Ahli Ilmu dan Amal dari Pasuruan
Kota Pasuruan mendapat keberkahan dari Habib Abdul Qadir bin Husein Assegaf, seorang ulama yang menggerakan majelis ilmu. Ia seorang ahli ilmu dan amal, sehingga dakwahnya diterima oleh masyarakat luas
Dalam sebuah acara haul Alwi bin Segaf Assegaf, seorang waliyullah di Kebon Agung (Pasuruan), Habib Abdul Qadir bin Ahmad Assegaf seorang mufti yang mukim di Jeddah pernah berkata pada hadirin, “Bahwa kalian semua, utamanya masyarakat Pasuruan patut bersyukur kepada Allah SWT. Setelah kalian ditinggal Habib Alawy bin Segaf Assegaf, kalian mendapatkan Habib Jafar bin Syaikhon Assegaf. Dan setelah Habib Jafar wafat, kini pengantinya diteruskan oleh menantunya, yakni Habib Abdul Qadir bin Husin Assegaf.”

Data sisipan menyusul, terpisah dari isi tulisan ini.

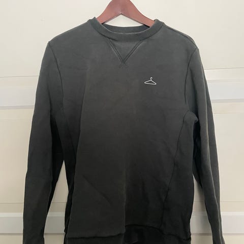Holzweiler L . Genseren er grønn og laget av 85% bomull og 15% polyester. Den har en hette og en frontlomme. Maskinvask anbefales med skånsom behandling, ikke bruk blekemiddel eller tørketrommel. Det er noen mindre flekker på plagget.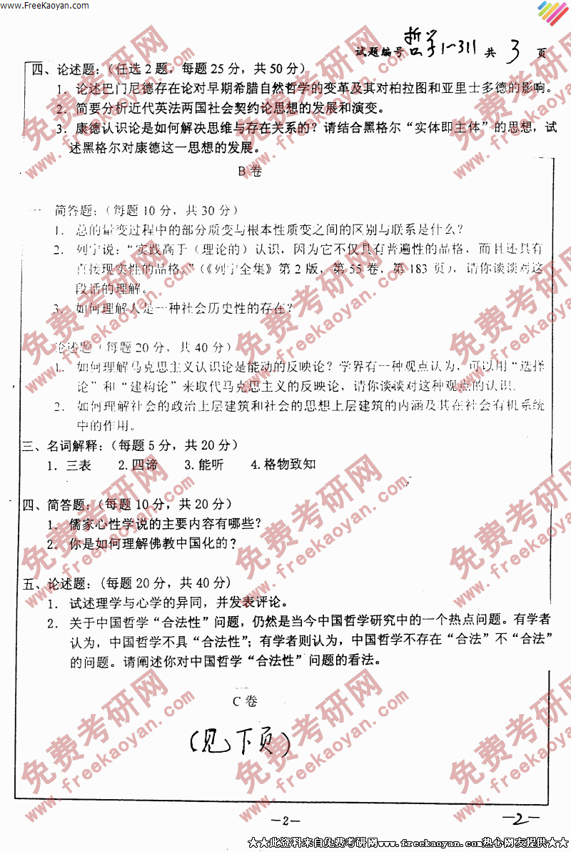 专业课考研经验 本站小编 FreeKaoyan 2018-01-22南京大学2005年考研真题-现代西方哲学

Di majelis Haul tersebut, Habib Abdul Qadir bin Ahmad Assegaf meneguhkan maqam seorang awliya dari Pasuruan, yakni Habib Abdul Qadir bin Husein Assegaf. Sangat wajarlah kalau Habib Abdul Qadir mendapatkan maqam yang sedemikian tinggi di sisi Allah SWT. Hal itu tentu bukan satu hal yang berlebihan dan semua itu bukan diperoleh dengan gratis. Kemuliaannya itu diperoleh dari hasil jerih payahnya. Sehingga ia mendapatakan bisyarah (ganjaran) dari Allah SWT.

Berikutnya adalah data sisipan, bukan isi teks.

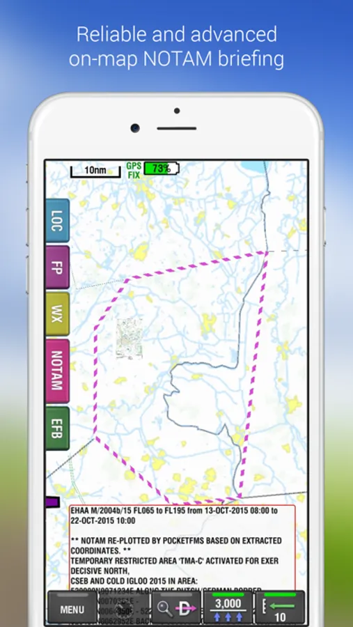 • Printing of flight plan briefings (NavLog, Weather, NOTAMS & Airspaces) using the unique PFMSEasyPrint system.

Hingga saat ini, sekalipun Habib Abdul Qadir telah wafat puluhan tahun yang lalu, namun kiprah dakwahnya dalam memakmurkan majelis ilmu semakin semarak di rumahnya yang terletak di Jl. Wahid Hasyim Gg. VII, atau tepatnya di sebelah barat masjid Jami Al-Anwar, Kota Pasuruan.
Sampai sekarang berbagai macam keagamaan mulai pembacaan kitab Ihya Ulumuddin, Maulid, Burdah dan peringatan Khotmil Qur’an tiap malam Ramadhan adalah rintisan dari Habib Abdul Qadir bin Husein Assegaf. Kini majleis-majelis dakwah itu masih diteruskan oleh salah satu putranya yakni Habib Taufiq bin Abdul Qadir bin Husein Assegaf yang membuat kota yang bergelar kota santri itu makin bersinarkan ilmu dan syiar dakwah.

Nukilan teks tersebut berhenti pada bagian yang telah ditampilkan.